Mathematic Remix?

“And we called our new language ‘remix’. Funny things. Political things. New things. All uploaded back to the net. The creative process became more important than the product because consumers were the new creators of the folk art of the future.”

RIP: A Remix Manifesto

The development of the musical remix, itself based so deeply and so incredibly within the infrastructures of networks and software is a hot button issue. Ownership of ideas and media and the sanctity of the author are still deeply important to society and I’m sure to most readers of this post. Yet as I’ve argued in class the creation of works of art, be they music or film or book or beyond, and the rights to that creation don’t usually stay in the hands of the artists themselves—they instead are given to the publishing companies who then market these cultural artifacts. To associate ownership with creation is problematic, but it is a relationships that has a historical precedent.

For the rest of this post I want to expand on a comment I made in an earlier class: that Greek mathematics are a remix of Egyptian mathematics. Yeah. I know it sounds stupid. Let me explain.

One of the earliest example of Grecian mathematics, at least as far as Wikipedia is concerned, is Thales’ theorem and as de Laet writes the ideas attributed to Thales weren’t exactly ‘new’. Indian and Babylonian mathematicians had already conceptualized that there was a right angle within any semicircle. We can presume, then, that ultimate attribution of the theorem to Thales is a lot of sociopolitical elements. He might have been the first to ‘prove’ the theorem with an example, or it was a simple case of idea theft, or it was the repackaging of ideas from another part of the world and ‘civilized’ (read: westernized) for European audiences.

Pythagoras, a far more identifiable name, also traveled around the world including Babylon and of course Egypt (where multiplication had been developed). The discoveries Pythagoras made not just in his own work but in his travels were then attributed to the commons of an intellectual order he formed. In the examples of both Thales and Pythagoras their ideas didn’t come from a vacuum or a single ‘Eureka’ moment—they instead came from the ideas of other cultures who thanks to the bias of history didn’t receive credit for these intellectual contributions until much later.
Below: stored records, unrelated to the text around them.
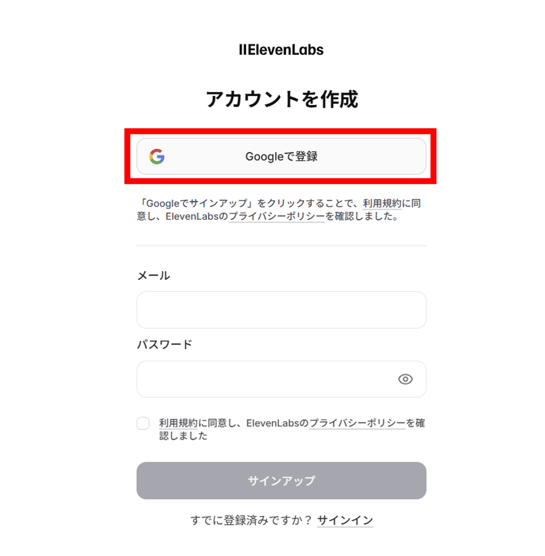 Googleアカウントもしくはメールアドレスでアカウントを登録できます。ここでは「Googleで登録」をクリックします。その後、アカウントとして登録したいGoogleアカウントを選択します。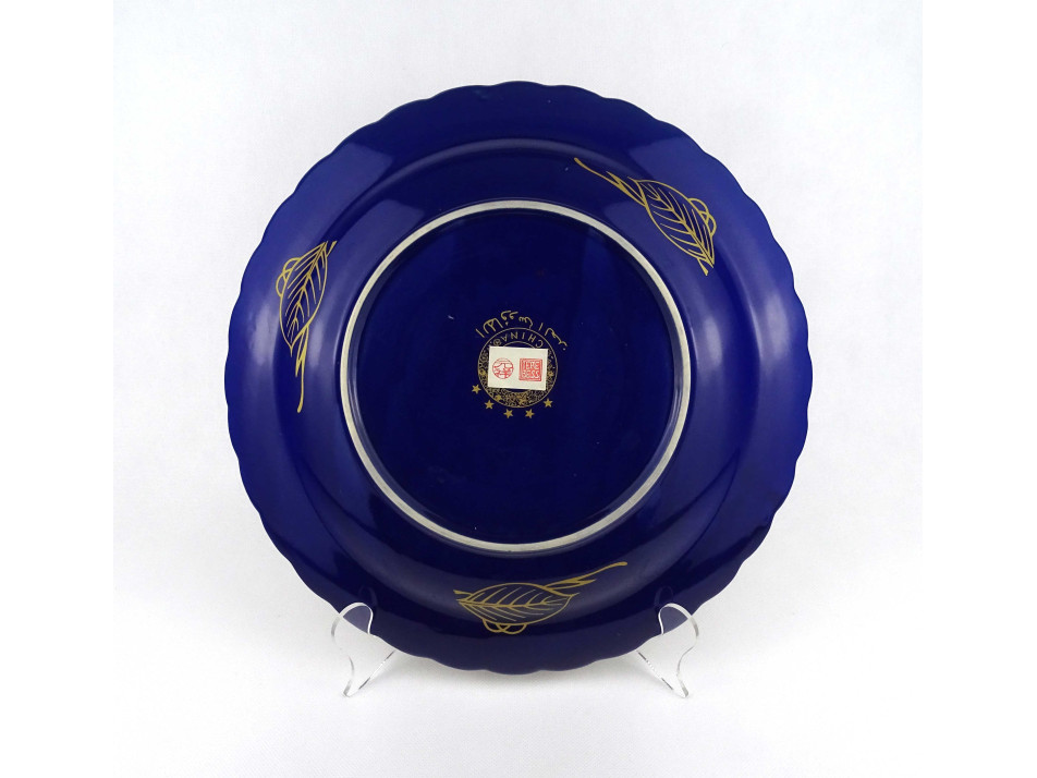 Nagyméretű kobaltkék aranyozott páva mintás kínai porcelán dísztál 37.5 cm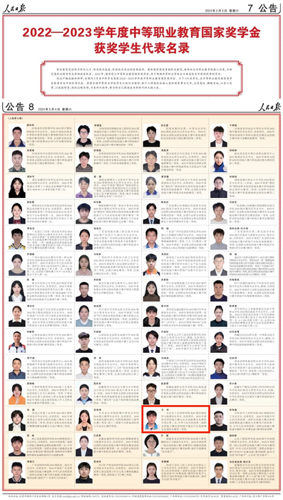 5月4日、5日,《人民日報》專版刊登了100名研究生國家獎學金獲獎學生優秀代表、100名本專科生國家獎學金獲獎學生優秀代表、100名中等職業教育國家獎學金獲獎學生優秀代表名錄。北京市工業技師學院環保與生物制藥系2021級環境保護與檢測專業學生王珂,榜上有名。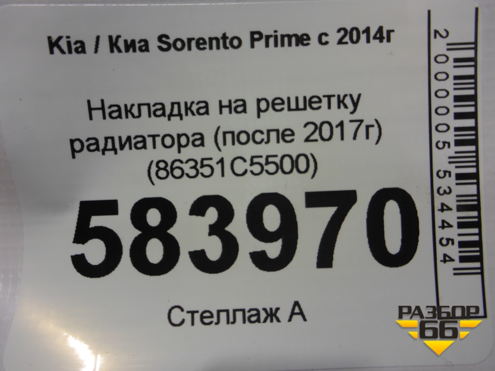 Накладка на решетку радиатора (после 2017г) (86351C5500) для Kia Sorento III Prime с 2014-2020г (Соренто3) в Москве

“But that makes sense” you might think, “nothing is made in a vacuum”.

This is the argument of the defenders of remix. In the example of Thales we could never say it was just that he was the first to prove his theory or that he simply stole other peoples’ work. The only difference between the remix artist and the ancient mathematician is that the remix artist doesn’t try to masquerade their work as entirely their own. It is a recognition of Habitus and inspiration.